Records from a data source
=======

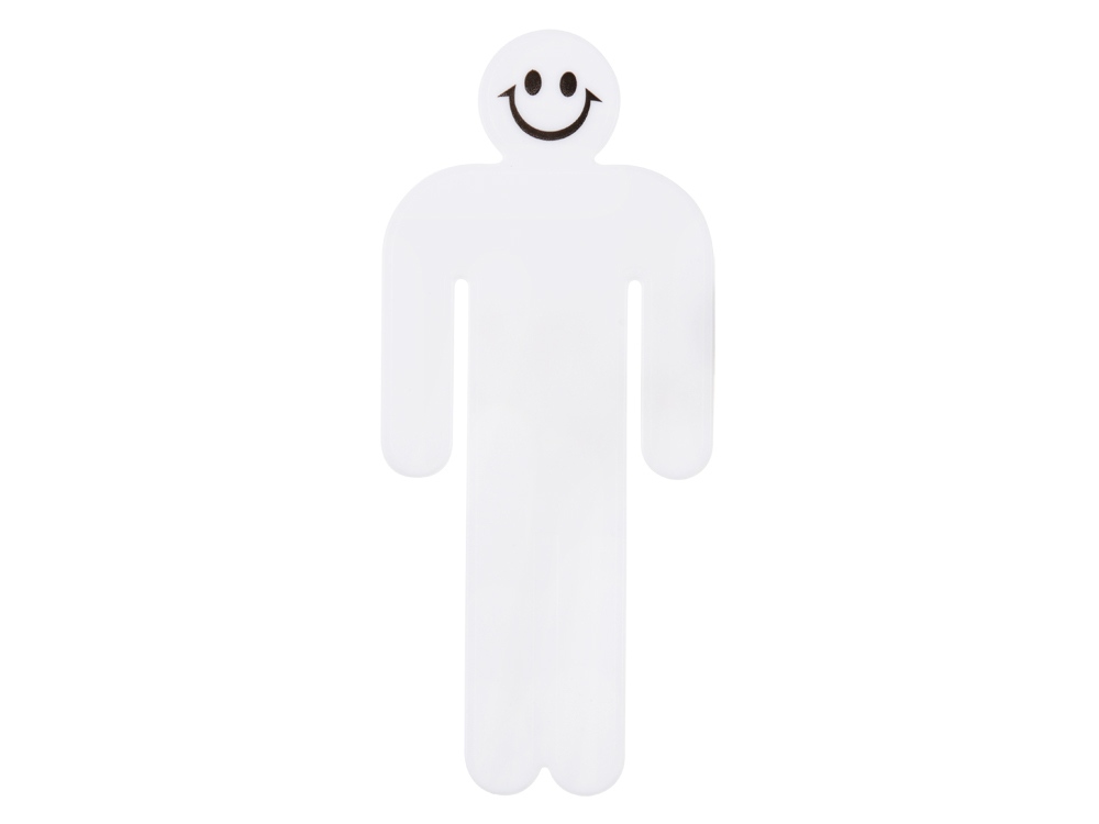 Закладка для книг Он выполнена в форме улыбающегося мальчика. Плоская пластиковая основа идеально подходит для нанесения логотипов и иных рекламных материалов.
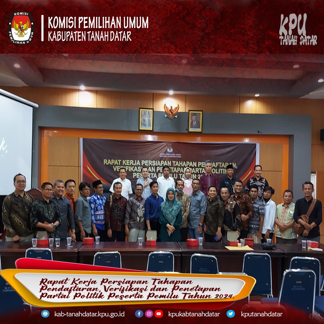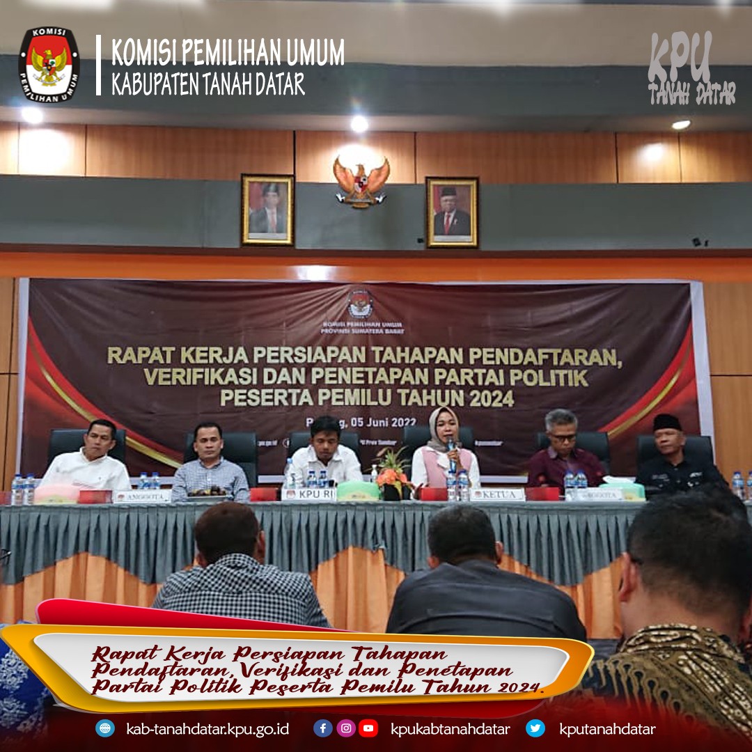Tanah Datar - kab-tanahdatar.kpu.go.id, Minggu 5 Juni 2024, KPU Provinsi Sumatera Barat melaksanakan Rapat Kerja Persiapan Tahapan Pendaftaran, Verifikasi dan Penetapan Partai Politik yang diikuti oleh Ketua Divisi Teknis dan Kasubbag Teknis dan Hubparmas KPU Kabupaten/Kota Se-Sumatera Barat dan di hadiri oleh Ketua dan Anggota KPU Sumatera Barat serta juga di hadiri oleh Anggota KPU RI DR. H. Idham Kholik, M.Si. KPU Kabupaten Tanah Tanah Datar diwakili oleh Ketua Divisi Tenis Erlonadi dan Kasubbag Teknis dan Hubparmas Fima Wati di Aula KPU Provinsi Sumatera Barat.
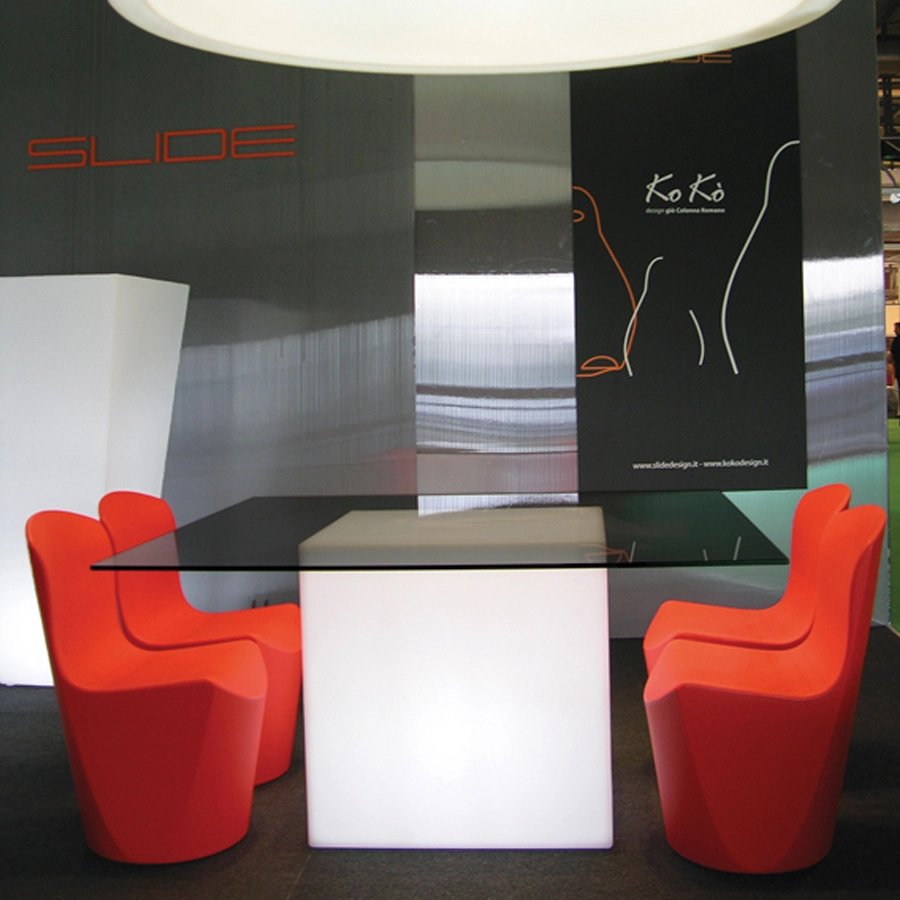 Slide Square LED beleuchteter Tisch mit Glasplatte. Designer Messemöbel und Eventmöbel
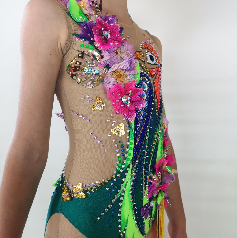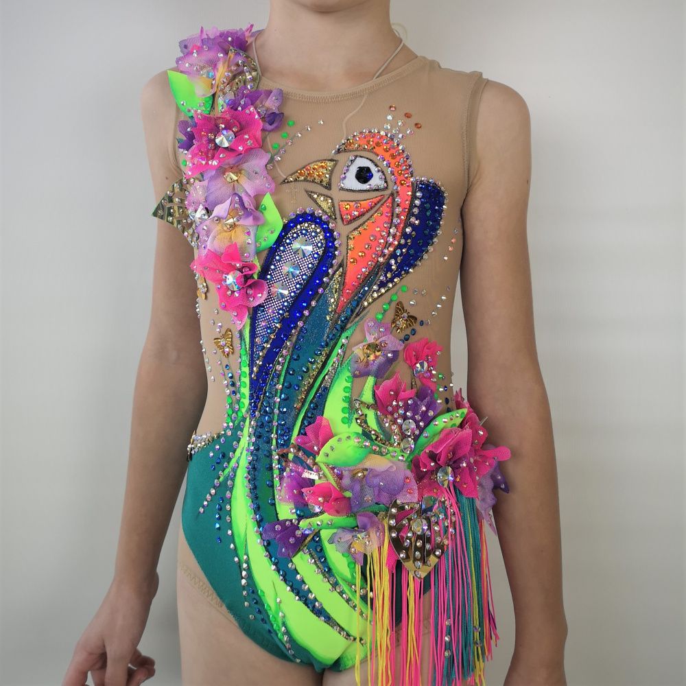 Волшебная птица на купальнике распадается на множество кусочков. Её изображение дробится, как отражение в граненом зеркале. При этом строгие геометрические формы с одной стороны смягчаются растительным декором, а с другой - подчёркиваются сверкающими всеми гранями кристаллами. И в свете софитов купальник засверкает по-новому!
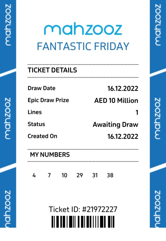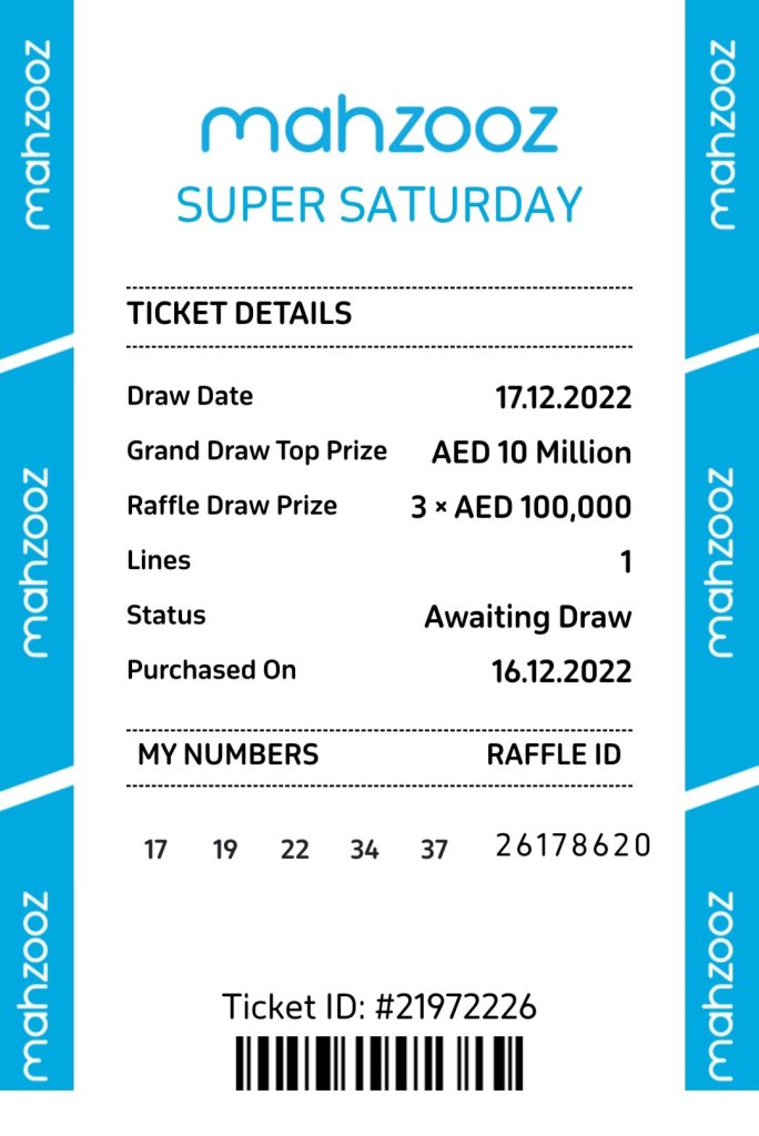 Ticket Numbers Mahzooz Group –1 17/12 @ IST 10:00 PM

=======

## WHAT YOU ARE ASKED TO DO
Find the line that contains "Slide Square LED", then write out that line and every line after it through the end of the records, exactly. Leave the pictures out.

## TASK ANSWER
 Slide Square LED beleuchteter Tisch mit Glasplatte. Designer Messemöbel und Eventmöbel
 Волшебная птица на купальнике распадается на множество кусочков. Её изображение дробится, как отражение в граненом зеркале. При этом строгие геометрические формы с одной стороны смягчаются растительным декором, а с другой - подчёркиваются сверкающими всеми гранями кристаллами. И в свете софитов купальник засверкает по-новому!
 Ticket Numbers Mahzooz Group –1 17/12 @ IST 10:00 PM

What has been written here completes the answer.